Она налила Сонечке воды. Помедлила.
– А вы… скучаете по Северу?
Иннокентий Павлович долго молчал, глядя в темное окно, за которым метались снежинки в свете фонаря.
– Там, знаете, небо особенное. Оно не черное, а фиолетовое. Глубокое такое, бархатное. И звезды – не мерцают, а горят ровно. Как лампочки. – Он улыбнулся своим мыслям. – А когда северное сияние, так вообще тишина становится звонкой. Слышно, как кровь в ушах шумит. Я думал, без этого умру. А теперь… теперь мне здесь тишина нравится. Другая. Варварина.
Клавдия вернулась в спальню, долго смотрела на спящего Платона и думала о том, что ее муж, кажется, не видит главного. Этот старый, застенчивый человек пришел не отнимать. Он пришел – прилепиться. Как ракушка к днищу корабля. И если корабль не сбросит его в море, они вместе уплывут далеко-далеко.
Но Платон не хотел видеть.
Каждое утро за завтраком он демонстративно отодвигался, когда Иннокентий Павлович садился за стол. Он перестал ужинать на кухне – уносил тарелку в спальню, смотрел там телевизор, делая звук громче необходимого. Он почти не разговаривал с матерью, а если и отвечал – сухо, односложно.

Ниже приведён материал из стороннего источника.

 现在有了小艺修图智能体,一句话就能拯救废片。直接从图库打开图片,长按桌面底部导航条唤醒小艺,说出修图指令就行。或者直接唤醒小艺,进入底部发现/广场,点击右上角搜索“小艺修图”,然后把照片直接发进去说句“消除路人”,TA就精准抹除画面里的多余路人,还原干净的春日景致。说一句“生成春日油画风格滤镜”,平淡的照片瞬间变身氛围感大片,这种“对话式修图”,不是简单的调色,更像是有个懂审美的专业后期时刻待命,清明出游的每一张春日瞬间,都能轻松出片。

Варвара Филимоновна молчала. Она ждала.
А Иннокентий Павлович… Иннокентий Павлович продолжал быть невидимым. Он починил скрипучую дверцу шкафа, которую Платон никак не доходили руки сделать. Он наточил кухонные ножи – все до одного, включая старый филейный, которым еще отец Платона разделывал рыбу. Он вымыл люстру в гостиной, забравшись на шаткую стремянку, и Варвара Филимоновна снизу держала ее за перекладину, и они оба молчали, но молчание это было теплым, плотным, как хорошее шерстяное одеяло.
Маркиз окончательно переметнулся в стан врага. Он спал теперь исключительно на коленях у Иннокентия Павловича, встречал его с работы (Иннокентий Павлович устроился консультантом в краеведческий музей, разбирал архив полярных станций) и даже умудрялся как-то по-особенному мурлыкать, когда гость чесал его за ухом.

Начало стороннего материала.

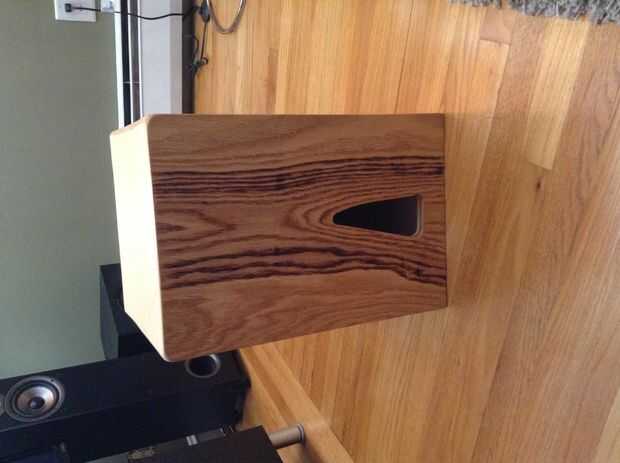 Ahora para la tapa-pone la cara de la madera contrachapada de 1/8" hacia abajo y colocar la cara de la caja en la misma, trazar la superficie del tambor. Otra vez, cortar cuidadosamente, asegurando que es sólo correcta o más grande. Porque tienes que cortar con el lado "bueno", que no es ideal, es probable que reciba algún escape y cortes limpios. Primero, usted puede generalmente conseguir sus piezas con sólo 2 cortes... suponiendo que tienes 2 bordes bien en la madera contrachapada para trabajar con, usted puede poner el cuadro justo en una esquina a rastro, 2 lados hechos, eso es. Me gusta diseñar algunos amplia cinta adhesiva en el lado bueno (la puede guesstimate mirando el contorno de lápiz y alineación de la cinta por debajo) en todos los cortes que tengo que hacer. Ayuda a mantener los cortes limpios y viene justo al lado. Una vez que se cortan las piezas delanteras y traseros, me gusta hacer mi boca en la pieza posterior. Es usted si usted quiere hacerlo ahora o esperar hasta que la pieza posterior se pegan y cortan su agujero. Que alejarse del círculo perfecto viejo aburrido y hacer algo cool... Tal vez una forma orgánica que imita la veta de la madera, o un símbolo o una forma que te gusta, cualquier cosa que usted puede cortar con una sierra de calar es juego justo!

– Продажный ты, – беззлобно ворчал Платон, глядя на кота. – За пару кусочков минтая душу дьяволу продашь.
Маркиз щурил янтарные глаза и не возражал.
Сонечка оказалась более сговорчивой. Иннокентий Павлович сдержал обещание: он принес ей тот самый камень – черный, с белыми прожилками. И действительно, на отполированной прибоем поверхности проступали узоры, похожие на созвездия.
– Это Большая Медведица, – шептала Сонечка, водя пальцем по камню. – А это, смотрите, похоже на Лебедя!
– Вы правы, Софья Платоновна. – Иннокентий Павлович надевал очки и склонялся над камнем. – А вот здесь, видите эти три точки? Это Пояс Ориона. На Чукотке его называют «Три моржа».
Сонечка хихикала. Иннокентий Павлович смущенно улыбался.
– А вы еще расскажете про Север? – просила девочка.
– Расскажу. У меня много историй. Например, про то, как белые медведи воруют у метеорологов печенье. Или про то, как мы однажды встречали Новый год на дрейфующей льдине, и Дед Мороз прилетел к нам на вертолете.
– На настоящем вертолете?
– На самом настоящем. У него даже валенки были с пропеллерами.
Сонечка хохотала, и ее смех звенел в большой квартире, проникал в самые дальние углы, даже в спальню, где Платон Ильич, заложив руки за голову, лежал на кровати и смотрел в потолок.
– Ты слышишь? – шептала Клавдия. – Она счастлива.
– Она ребенок, – отвечал Платон. – Ее легко обмануть.
– Это не обман. Это доброта.
– Доброта? – Платон садился на кровати. – Он пришел в чужой дом, сел на шею и рассказывает сказки про медведей. Это не доброта. Это… не знаю что.
– Это любовь, – тихо сказала Клавдия. – К твоей матери. К нам. Ко всей этой семье.
Платон молчал. Клавдия вздыхала и отворачивалась к стене.
Конфликт, который долго копился под спудом будничных разговоров и вежливых улыбок, прорвался неожиданно и в самом прозаическом месте.
На кухне.
Клавдия мыла посуду после ужина. Варвара Филимоновна вошла с чайником, намереваясь заварить свежий чай – Иннокентий Павлович задерживался в музее, и она хотела, чтобы к его приходу все было готово.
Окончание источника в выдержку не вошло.